Tetrate Service BridgeVersion: nextTetrate support of Istio clusters running in Ambient mode
Ambient mode support requires Istio 1.24+.
In addition to TSB's support of Istio with sidecar proxies, clusters running Istio in Ambient mode are also supported starting TSB 1.12.1.
With TSB, users can configure security, traffic management, high-availability and observability just like TSB's support for Istio with sidecar proxies.
TSB installs and manages a private Istio distribution in Kubernetes clusters, so that users do not need to manage the configuration and lifecycle of Istio.
Users configure their traffic management policies using TSB's Bridged-mode APIs.

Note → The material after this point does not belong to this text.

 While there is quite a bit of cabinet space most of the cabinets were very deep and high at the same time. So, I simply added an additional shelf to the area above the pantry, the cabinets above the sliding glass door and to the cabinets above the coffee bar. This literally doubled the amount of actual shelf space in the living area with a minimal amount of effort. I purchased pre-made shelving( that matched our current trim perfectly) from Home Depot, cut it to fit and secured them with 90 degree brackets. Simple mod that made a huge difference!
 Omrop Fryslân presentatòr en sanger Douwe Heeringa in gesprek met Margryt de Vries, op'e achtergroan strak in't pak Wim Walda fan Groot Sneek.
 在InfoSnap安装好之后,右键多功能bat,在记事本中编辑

These provide a richer abstraction on top of the low-level Istio APIs, and are multi-cluster, error-resistant, simpler to use and generate efficient, optimized Istio and Envoy configurations.

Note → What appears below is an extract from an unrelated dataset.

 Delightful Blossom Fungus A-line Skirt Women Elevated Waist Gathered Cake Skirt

With care and wherever applicable, expert users can additionally partition the generated configuration and inject specific Istio configuration using Tetrate's Direct-mode APIs, giving precise, fine-grained configuration where necessary.
TSB maintains configuration for each cluster dynamically, in response to user configuration (Bridged and Direct APIs) and to the state of each cluster under control of TSB. This allows TSB to manage very complex, dynamic scenarios such as cross-cluster traffic, high availability, and multi-cloud service discovery.

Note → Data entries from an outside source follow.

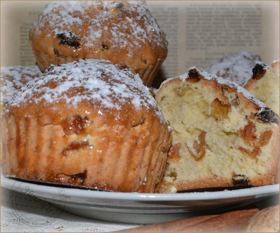 Выпекать в предварительно разогретой духовке на верхнем и нижнем прогреве 25 минут при температуре 180 градусов. Готовую выпечку посыпать сахарной пудрой. Я предварительно смазываю поверхность кексов лимонным сиропом.
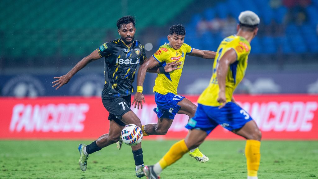 দ্বিতীয়ার্ধে সমতা ফেরাতে মরিয়া হয়ে ওঠে কেরল ব্লাস্টার্স। কেভিন ইয়োক, নিহাল সুদীশ ও আজসাল একাধিক আক্রমণ গড়ে তুললেও চেন্নাইয়িন গোলকিপার মোহাম্মদ নওয়াজ দুর্দান্ত সেভ করে দলকে এগিয়ে রাখেন। ম্যাচের এক পরিস্থিতিতে কাছ থেকে পরপর দুটি শট ঠেকিয়ে দেন তিনি।
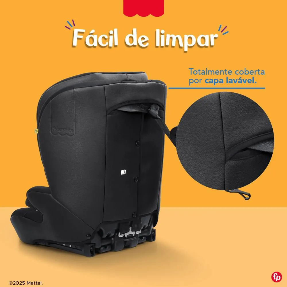 Prendedores do cinto de segurança que facilitam colocar e retirar a criança do assento trazendo mais praticidade no dia a dia, capa em tecido premium respirável e lavável que garante uma manutenção simples e de fácil higienização.

TSB uses a private Istio distribution, and that brings the benefits of having support for features that still do not have support in upstream Istio - for example, TSB supports routing and traffic management of multi-cluster deployments.
What is Ambient mode?
Istio's ambient mode promises a reduced resource overhead in some use cases compared to the traditional sidecar deployment mode, which may result in lower costs and improved performance for some users by eliminating the need for a dedicated proxy container within each pod, while still providing service mesh capabilities like traffic management and security.
Ambient mode treats Node level traffic (at Layer 4 - designated as zTunnel) and Proxy level traffic (at Layer 7 - designated as Waypoint) as separate components, with the Waypoints associated only to a subset of services that specifically need Layer 7 capabilities support and thereby consuming fewer resources.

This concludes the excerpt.